_What you have to do_: Exactly as written, return all the data, leaving its pictures behind.

Entries taken from a collection:
....

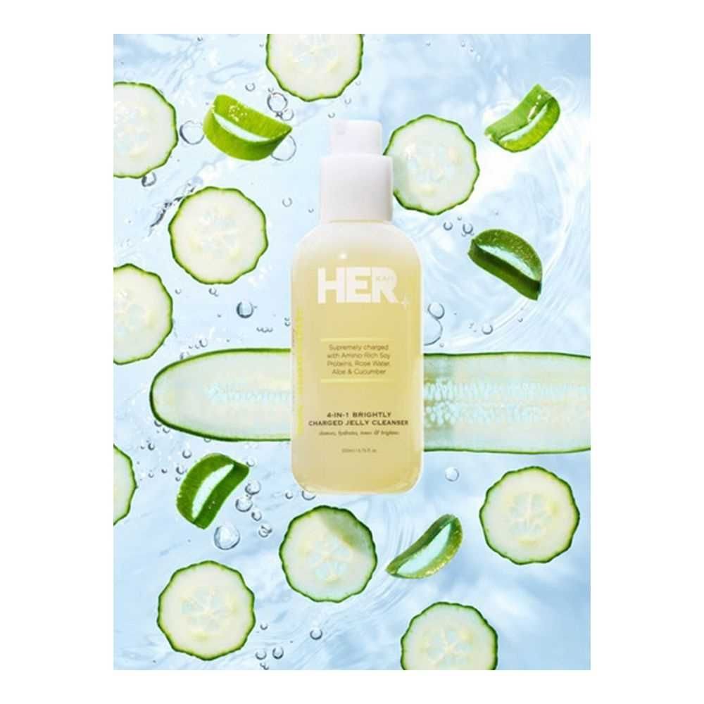 Discover the benefits of Her Beauty Soy Smoothie 4-in-1 Brightly Charged Jelly Cleanser 200ml and enhance your skincare game. This multi-tasking cleanser is a powerhouse of goodness with amino-rich soy proteins, soothing aloe, calming cucumber, and enriching rose water. Enhance your skincare regimen as it deep cleanses, removes makeup, tones, and textures your skin. Observe the healthy skin, elasticity, and hydration, which leaves you with a supple, plump, and radiant complexion. This water-enriched formula ensures your skin barrier stays strong, giving your skin the bounce, it craves. Revitalize your routine with this jelly cleanser that does it all, embracing your skin in the nourishment it deserves.
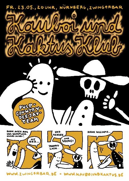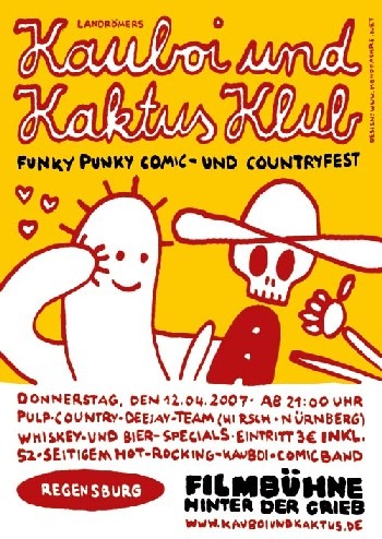 SPECIAL: Donnerstag, 02.07.,ab 21.00: Release-Party für das Comic: Zum Teufel-Kauboi & Kaktus Vol. III Donnerstag, 02 Juli, Startzeit 21:00 PM Filmbühne hinter der Grieb, Hinter der Grieb 8, Regensburg, 93047, heiße Comic-Helden, coole Drinks, scharfe Sounds und diverse Gespräche über Gott, die Welt, den Teufel und Countrymusic... .............................................................................. SPECIAL: Samstag, 29.08. 2009 19.00 - 20.30. Uhr Dark-Cruise-Sounds: Aftercruiseparty im Z-Bau, Frankenstr. 200 pulp-country-music, dann weitere Deejays, Livebands, Cocktailbar, Grill-Action nach dem Nürnberger Cruiser-Treff 2009, supported by: thunderbird / RUN NGB / SouthSideRollers
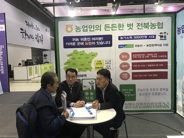 전북농협(본부장 유재도)은 지난 11일부터 13일까지 서울 서초구 양재동 aT센터에서 열린 ‘2018 전라북도 귀농귀촌 박람회’에 참여했다고 14일 밝혔다. 이번 박람회에서 농협은 새롭게 제2의 인생을 열고자 하는 수도권 귀농·귀촌 수요자를 위하여 5개 홍보부스를 설치·운영해 유관기관으로서의 다양한 활동을 전개했다.
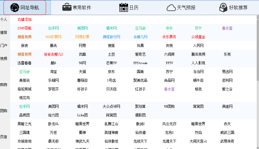 在"个人"栏可通过右键菜单,方便的添加新的网址。
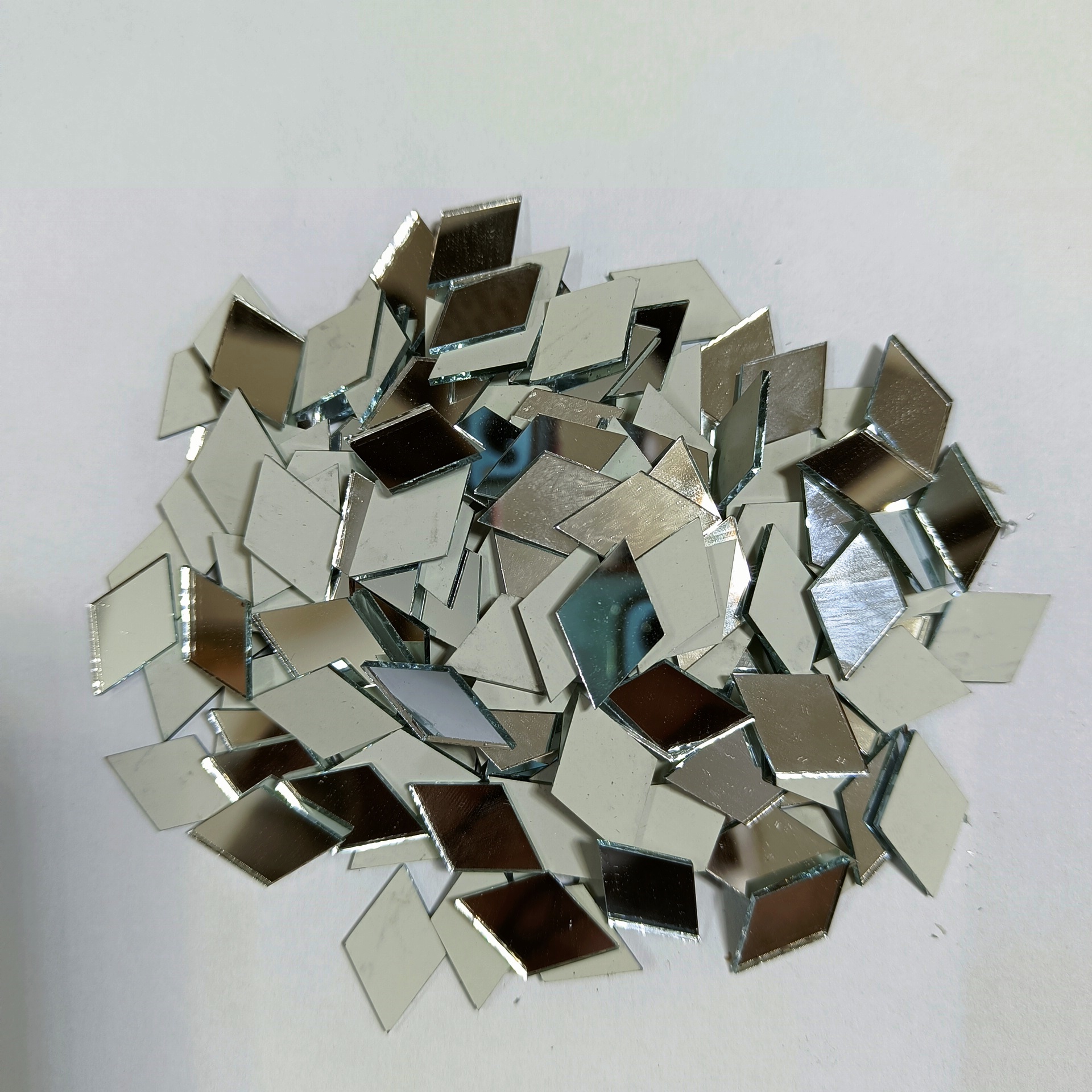 Diamond shaped glass mirrors in 100g, 500g and 1kg packs. Without holes, suitable for jewellery, Lippan art and all types of craft projects. Easy to stick on any surface.

....

_Expected output_:
 Discover the benefits of Her Beauty Soy Smoothie 4-in-1 Brightly Charged Jelly Cleanser 200ml and enhance your skincare game. This multi-tasking cleanser is a powerhouse of goodness with amino-rich soy proteins, soothing aloe, calming cucumber, and enriching rose water. Enhance your skincare regimen as it deep cleanses, removes makeup, tones, and textures your skin. Observe the healthy skin, elasticity, and hydration, which leaves you with a supple, plump, and radiant complexion. This water-enriched formula ensures your skin barrier stays strong, giving your skin the bounce, it craves. Revitalize your routine with this jelly cleanser that does it all, embracing your skin in the nourishment it deserves.
 SPECIAL: Donnerstag, 02.07.,ab 21.00: Release-Party für das Comic: Zum Teufel-Kauboi & Kaktus Vol. III Donnerstag, 02 Juli, Startzeit 21:00 PM Filmbühne hinter der Grieb, Hinter der Grieb 8, Regensburg, 93047, heiße Comic-Helden, coole Drinks, scharfe Sounds und diverse Gespräche über Gott, die Welt, den Teufel und Countrymusic... .............................................................................. SPECIAL: Samstag, 29.08. 2009 19.00 - 20.30. Uhr Dark-Cruise-Sounds: Aftercruiseparty im Z-Bau, Frankenstr. 200 pulp-country-music, dann weitere Deejays, Livebands, Cocktailbar, Grill-Action nach dem Nürnberger Cruiser-Treff 2009, supported by: thunderbird / RUN NGB / SouthSideRollers
 전북농협(본부장 유재도)은 지난 11일부터 13일까지 서울 서초구 양재동 aT센터에서 열린 ‘2018 전라북도 귀농귀촌 박람회’에 참여했다고 14일 밝혔다. 이번 박람회에서 농협은 새롭게 제2의 인생을 열고자 하는 수도권 귀농·귀촌 수요자를 위하여 5개 홍보부스를 설치·운영해 유관기관으로서의 다양한 활동을 전개했다.
 在"个人"栏可通过右键菜单,方便的添加新的网址。
 Diamond shaped glass mirrors in 100g, 500g and 1kg packs. Without holes, suitable for jewellery, Lippan art and all types of craft projects. Easy to stick on any surface.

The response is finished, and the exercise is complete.